Dell has recently introduced a range of page printers built around an LED print engine, made by Xerox. An LED engine is a simpler and less bulky mechanism than a laser, so using one enables Dell to design more compact printers.
True to type, Dell’s 1355cnw all-in-one has a very small footprint – just 410x379mm, yet packs in all the technology required to produce full-colour page prints, copies, faxes and scans.
The all-black machine is very angular, from the 15-sheet Automatic Document Feeder (ADF) over the flatbed scanner to its slab of a control panel, which sticks horizontally out from the front. The controls are well laid out. From left to right, there’s single-click, quick fax dialling, mode keys, a four-line LCD display, menu navigation keys, a number pad and function keys to start and stop jobs.

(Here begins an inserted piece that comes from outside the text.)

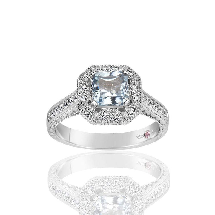 Handcrafted in sterling silver with a high-polish finish. Features an Asscher-cut light blue aquamarine cubic zirconia center stone, surrounded by a halo of white cubic zirconia. Includes a hidden stone in the shank, a closed under-gallery for comfort, and a golden SL logo.

The front panel, below the controls, folds down to become a 150-sheet paper tray. If you want to leave the machine loaded with paper, a convenient cover for this tray slides out from inside. Paper outputs to a support just above the input tray.
Just to the left of the front-panel is a USB socket that can be used to print photos and other files directly from a thumb drive. It also enables you to save files scanned from the flatbed or auto document feeder onto a removable storage device. There’s a further USB socket the back of the device, along with an Ethernet port, but this version of the machine also supports wireless connection, which is simple to set up and worked without problem.
Drivers for Windows and OSX are supplied as standard and the four toner cartridges, which are the only consumable, plug in very simply behind a hinged flap in the right-hand end.
Print speeds are quoted at 15ppm for black and 12ppm for colour, but under test we saw 10ppm and 7ppm, respectively – still acceptable speeds for this class of machine. The print quality refutes claims sometimes made against LED printers that they don’t have the clarity or precision of lasers. The 600dpi resolution of the 1355cnw is more than enough to produce crisp, clean black text as well as bright, arresting colour graphics – and even passable photo tones, without the gaudiness from which many colour lasers suffer.
The only consumables you need to consider are the toner cartridges, but Dell has priced them high, at £70 for a 2,000-page black and £73 for each of the three 1,400-page colour ones. That’s nearly £300 for a set, or about 19p for each ISO (five per cent coverage) colour page. Most equivalent lasers cost under 13p per colour page.